** Exercise description **
From the first line down to the line containing "眉山中車緊固件科技有限公司W", print the records below exactly, leaving every picture out.

━━━━━ Record excerpts

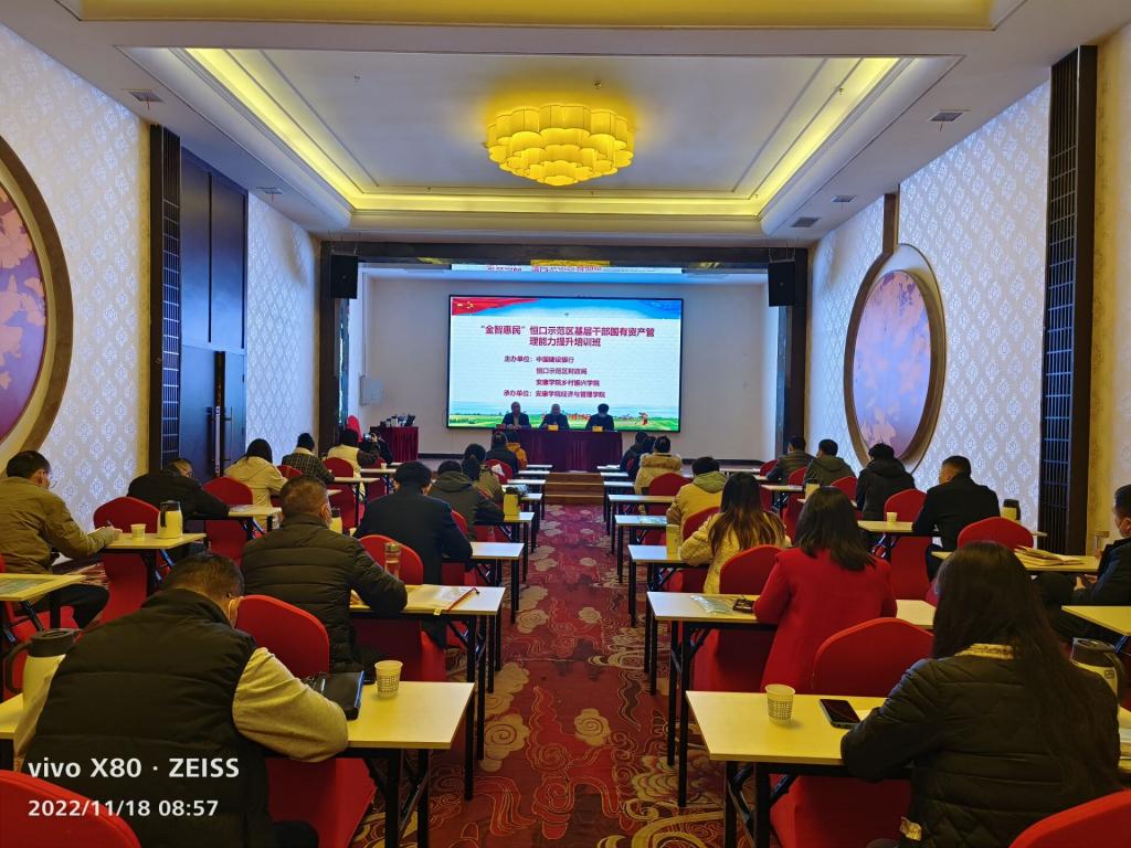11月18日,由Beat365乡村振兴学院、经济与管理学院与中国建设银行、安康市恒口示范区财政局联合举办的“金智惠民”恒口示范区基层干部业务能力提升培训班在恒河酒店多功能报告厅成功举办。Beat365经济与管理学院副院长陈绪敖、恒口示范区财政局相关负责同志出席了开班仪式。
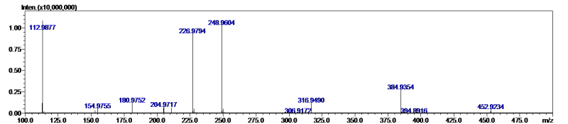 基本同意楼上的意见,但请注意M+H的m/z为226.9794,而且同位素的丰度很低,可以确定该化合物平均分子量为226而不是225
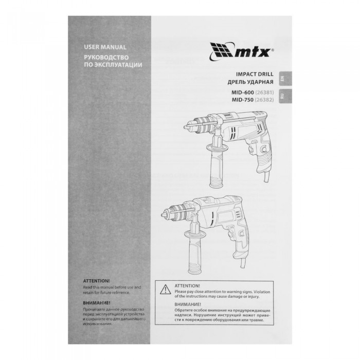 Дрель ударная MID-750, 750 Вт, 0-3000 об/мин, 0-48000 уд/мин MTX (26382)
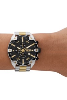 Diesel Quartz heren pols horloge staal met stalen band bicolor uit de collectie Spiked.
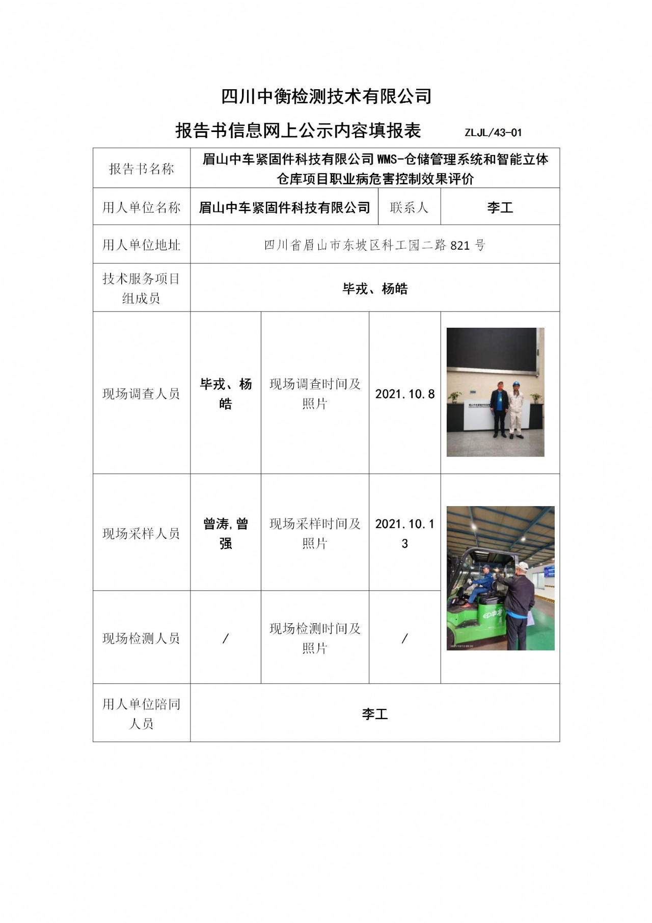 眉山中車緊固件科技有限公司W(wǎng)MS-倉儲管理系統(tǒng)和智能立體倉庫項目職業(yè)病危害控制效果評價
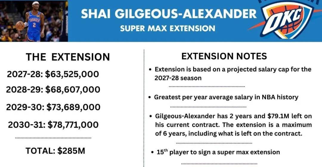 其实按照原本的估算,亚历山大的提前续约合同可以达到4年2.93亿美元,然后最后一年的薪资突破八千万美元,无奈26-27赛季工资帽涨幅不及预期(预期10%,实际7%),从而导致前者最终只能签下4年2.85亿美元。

━━━━━━━━━━

** Solution to this task **
11月18日,由Beat365乡村振兴学院、经济与管理学院与中国建设银行、安康市恒口示范区财政局联合举办的“金智惠民”恒口示范区基层干部业务能力提升培训班在恒河酒店多功能报告厅成功举办。Beat365经济与管理学院副院长陈绪敖、恒口示范区财政局相关负责同志出席了开班仪式。
 基本同意楼上的意见,但请注意M+H的m/z为226.9794,而且同位素的丰度很低,可以确定该化合物平均分子量为226而不是225
 Дрель ударная MID-750, 750 Вт, 0-3000 об/мин, 0-48000 уд/мин MTX (26382)
 Diesel Quartz heren pols horloge staal met stalen band bicolor uit de collectie Spiked.
 眉山中車緊固件科技有限公司W(wǎng)MS-倉儲管理系統(tǒng)和智能立體倉庫項目職業(yè)病危害控制效果評價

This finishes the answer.